Catherine Duggan

Expression of ADAM-9 mRNA and protein in human breast cancer.

The ADAMs (a disintegrin and metalloprotease) are membrane proteins containing both protease and adhesion domains and thus may be potentially important in cancer invasion and metastasis. The aim of our study was to investigate the distribution and potential clinical significance of ADAM‐9 in breast cancer. ADAM‐9 expression was measured using both reverse transcriptase‐polymerase chain reaction (RT‐PCR) and Western blotting. ADAM‐9 mRNA was expressed more frequently in both breast carcinomas (72/110, 66%) and fibroadenomas (21/38, 55%) compared to normal breast tissue (6/25, 24%) (p = 0.0004, p = 0.028, respectively). Multiple forms of ADAM‐9 protein were detected by Western blotting, i.e., at 124, 84 and 48 kDa under reducing conditions and at 115, 76, 55, 52 and 46 kDa under nonreducing conditions.
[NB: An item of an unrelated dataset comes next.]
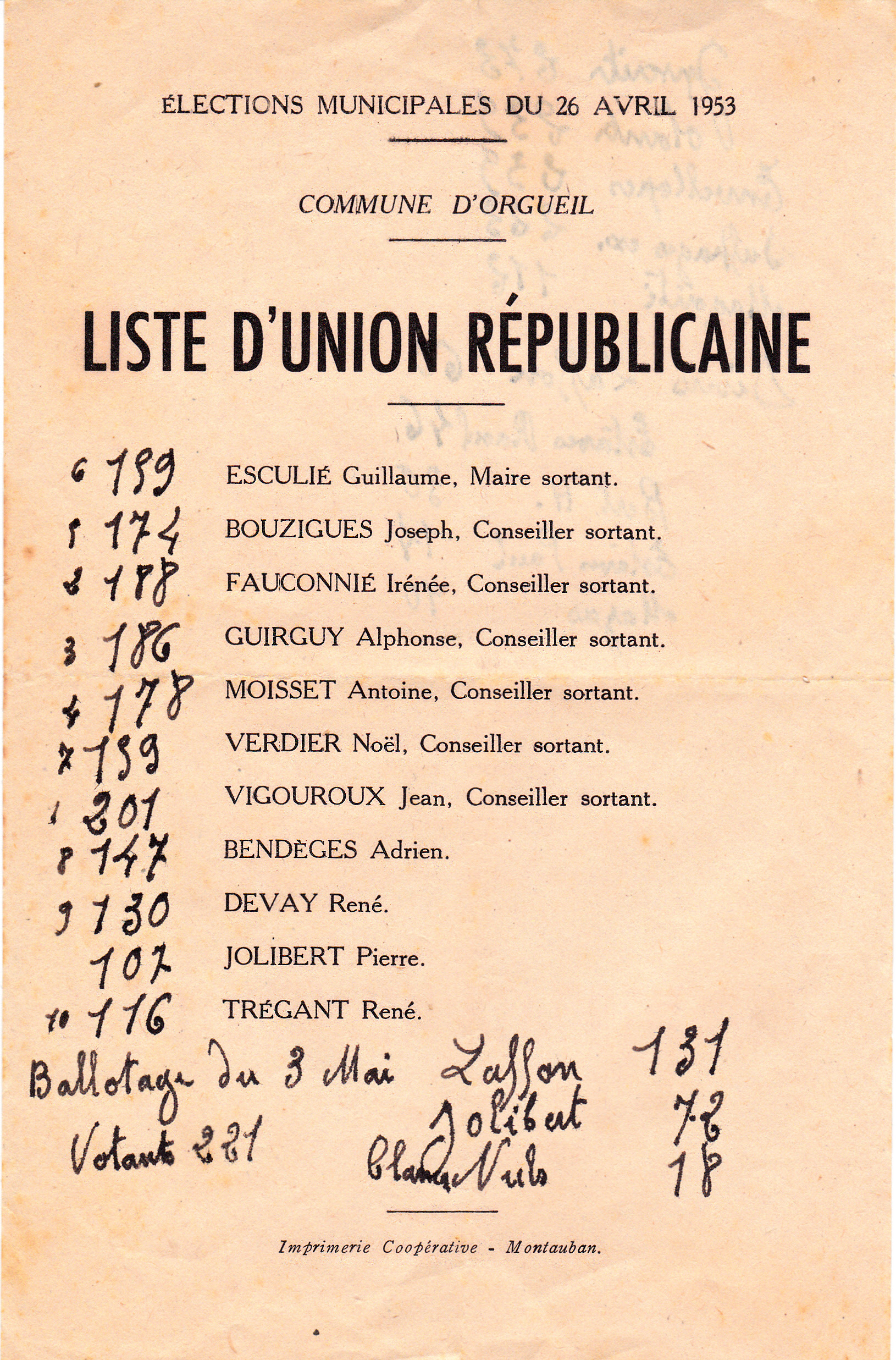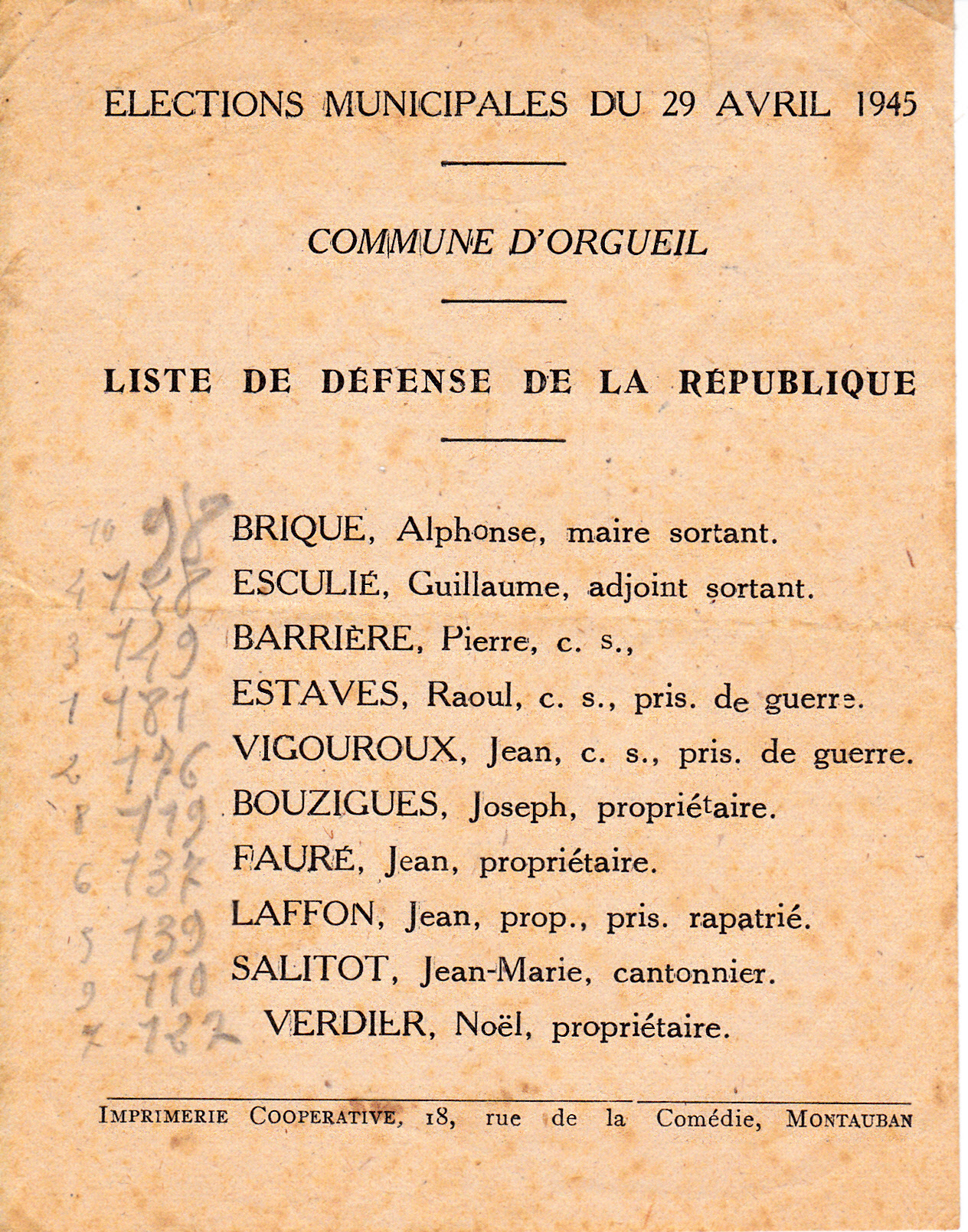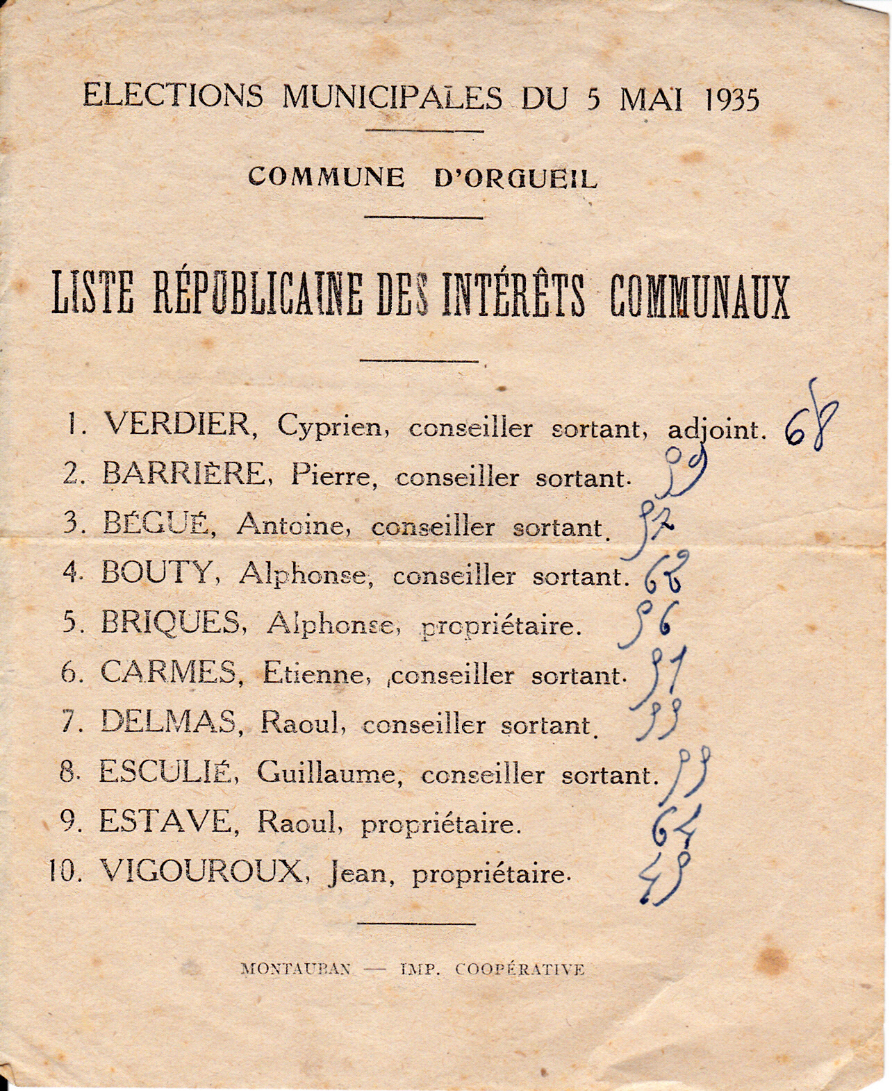 Les élections municipales de 1935 à nos jours – Orgueil (82)

The 84 and 55 kDa forms were detected more frequently in the primary cancers compared to normal breast tissue (p < 0.0001, p = 0.0002, respectively). In addition, relative levels of the 84 kDa mature form were significantly higher in the primary cancers than in the fibroadenomas (p = 0.003), while the reverse was found for the 124 kDa precursor form (p = 0.026). In the carcinomas, the 84 kDa form of ADAM‐9 protein was expressed at higher levels in node‐positive than node‐negative cancers (p = 0.05) and correlated positively with HER‐2/neu protein levels (r = 0.313, p = 0.016). This is the first report to describe expression of any ADAM in a large number of human carcinomas.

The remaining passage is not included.